**Records for processing**

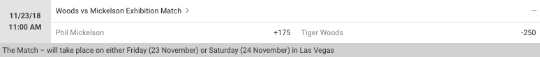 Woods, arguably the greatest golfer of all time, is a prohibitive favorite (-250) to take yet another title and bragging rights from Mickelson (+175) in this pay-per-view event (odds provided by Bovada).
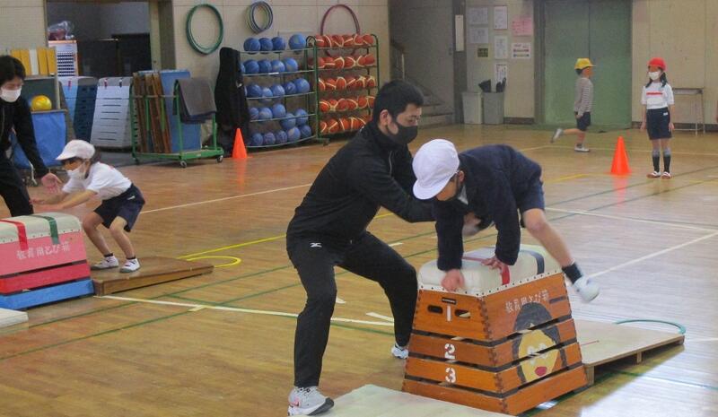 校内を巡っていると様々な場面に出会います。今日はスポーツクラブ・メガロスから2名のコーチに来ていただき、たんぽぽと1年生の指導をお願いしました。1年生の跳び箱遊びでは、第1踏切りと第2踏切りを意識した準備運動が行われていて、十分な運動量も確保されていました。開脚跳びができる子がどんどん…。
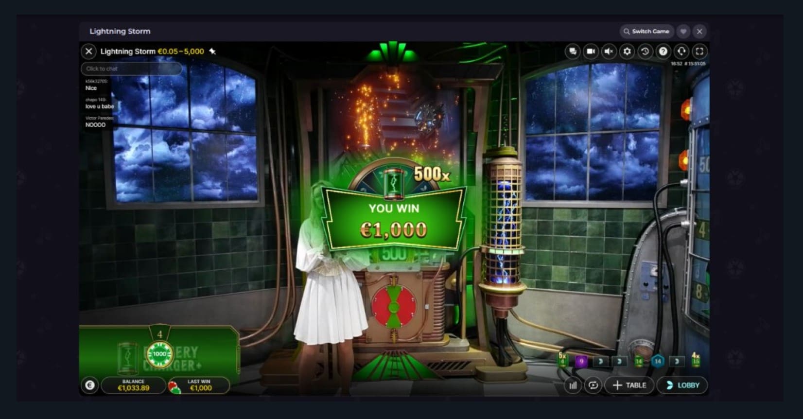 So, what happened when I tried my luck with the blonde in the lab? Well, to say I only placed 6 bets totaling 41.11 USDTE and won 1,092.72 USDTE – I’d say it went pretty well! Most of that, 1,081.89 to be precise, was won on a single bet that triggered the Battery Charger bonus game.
---
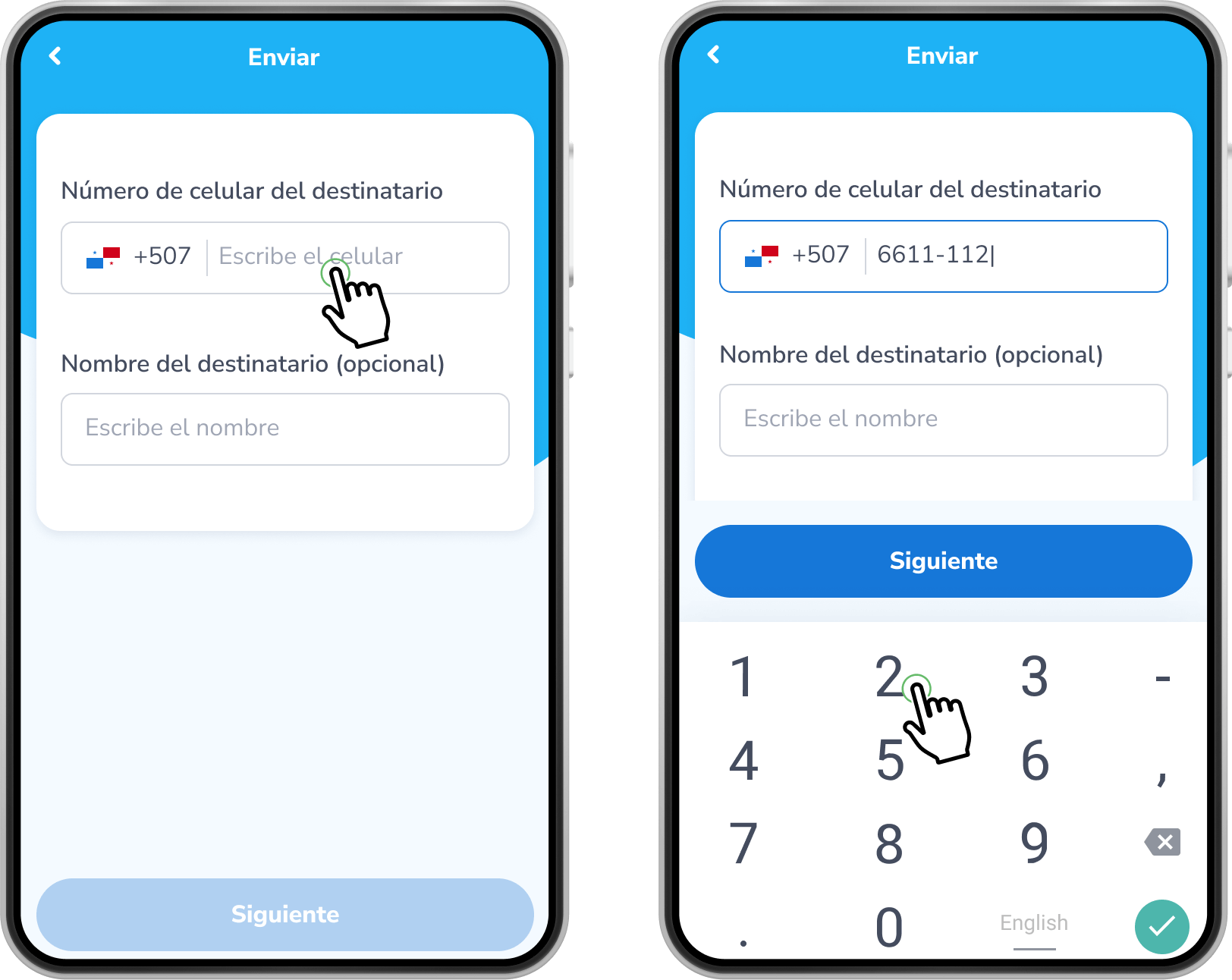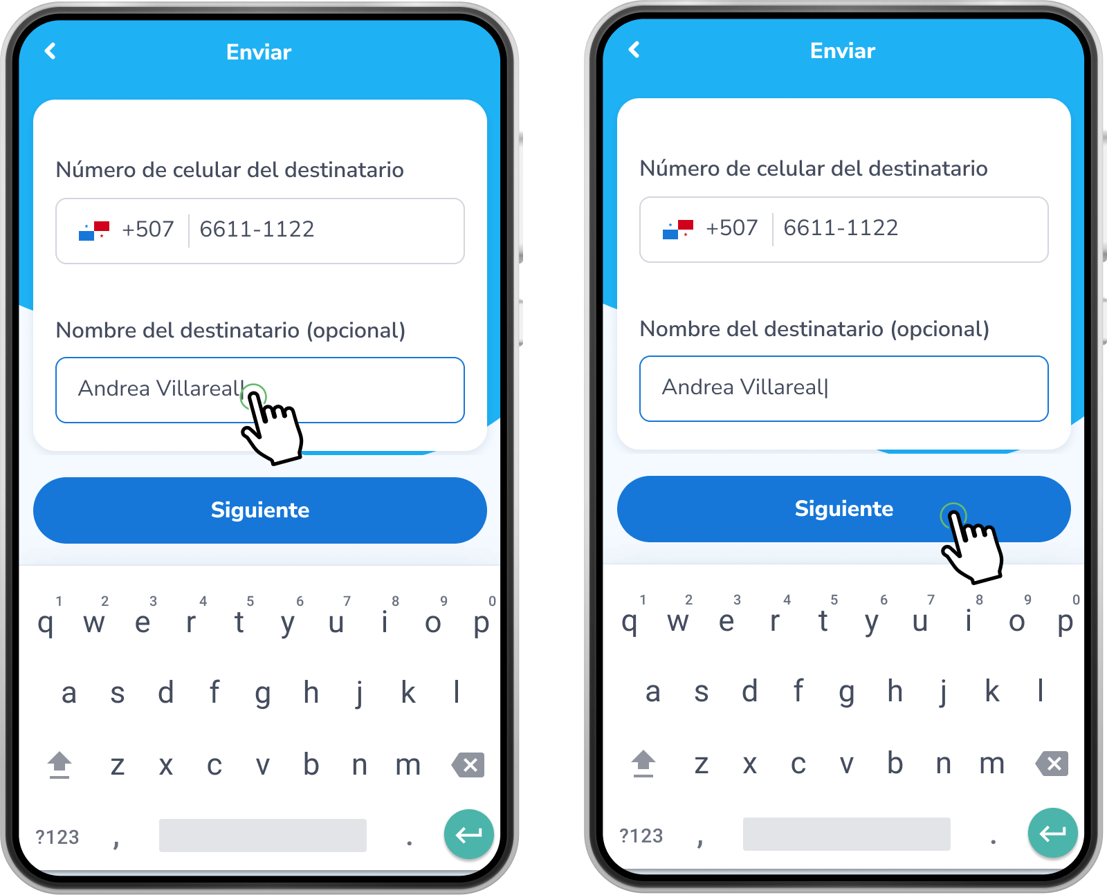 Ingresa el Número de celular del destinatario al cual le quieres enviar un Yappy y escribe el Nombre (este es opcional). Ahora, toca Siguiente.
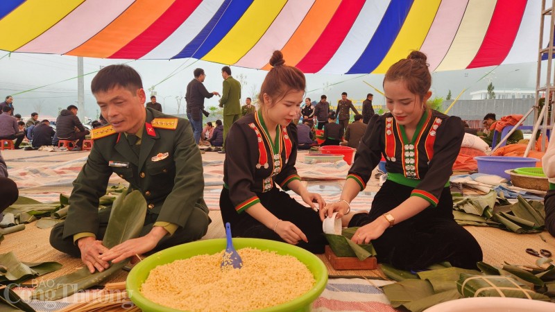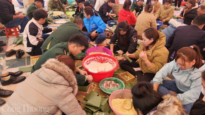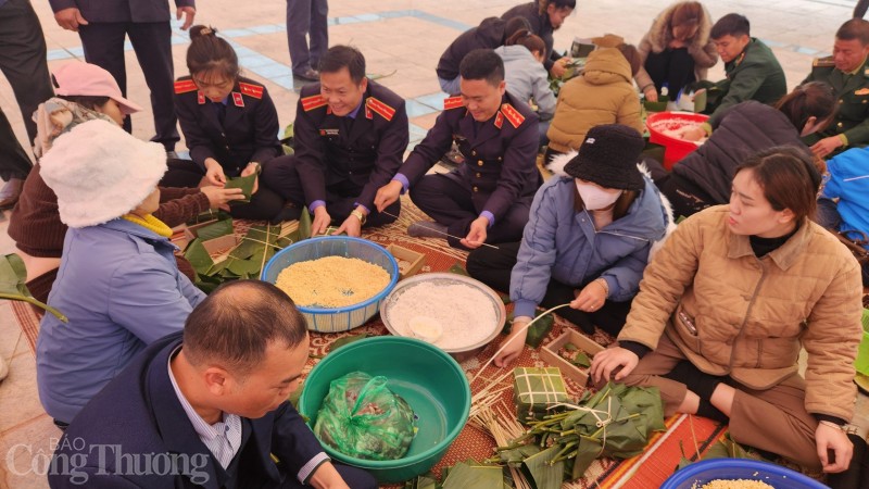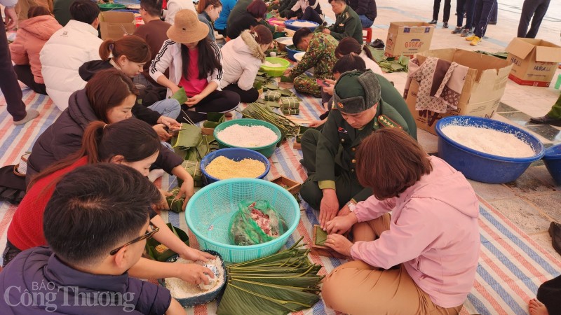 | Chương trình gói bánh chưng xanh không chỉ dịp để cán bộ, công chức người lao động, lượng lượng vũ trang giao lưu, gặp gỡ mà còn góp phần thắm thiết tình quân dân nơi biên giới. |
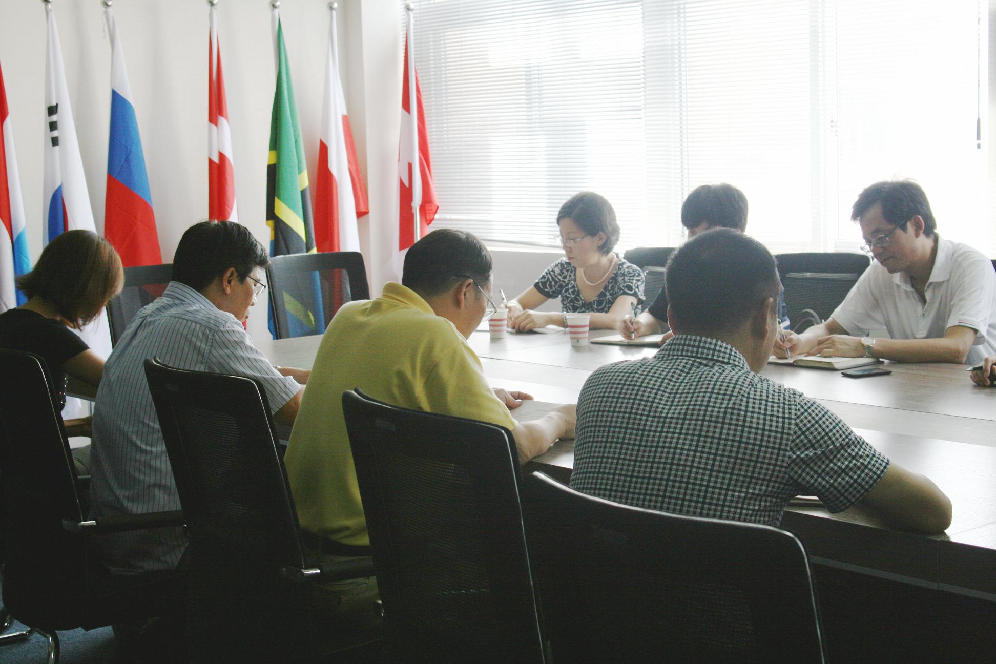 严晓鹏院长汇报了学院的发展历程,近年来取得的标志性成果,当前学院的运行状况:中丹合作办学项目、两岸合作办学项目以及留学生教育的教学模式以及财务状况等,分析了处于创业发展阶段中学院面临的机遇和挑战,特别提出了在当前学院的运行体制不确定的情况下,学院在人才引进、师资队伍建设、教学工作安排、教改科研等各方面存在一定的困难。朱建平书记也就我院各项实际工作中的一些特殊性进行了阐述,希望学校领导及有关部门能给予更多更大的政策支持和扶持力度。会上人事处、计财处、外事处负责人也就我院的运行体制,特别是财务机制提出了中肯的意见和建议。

**Exercise goal**
Copy word for word the span of the records above that begins at the line with "Woods, arguably the" and ends at the line with "校内を巡っていると様々な場面", including those two lines but not the pictures.

**Written reply**
 Woods, arguably the greatest golfer of all time, is a prohibitive favorite (-250) to take yet another title and bragging rights from Mickelson (+175) in this pay-per-view event (odds provided by Bovada).
 校内を巡っていると様々な場面に出会います。今日はスポーツクラブ・メガロスから2名のコーチに来ていただき、たんぽぽと1年生の指導をお願いしました。1年生の跳び箱遊びでは、第1踏切りと第2踏切りを意識した準備運動が行われていて、十分な運動量も確保されていました。開脚跳びができる子がどんどん…。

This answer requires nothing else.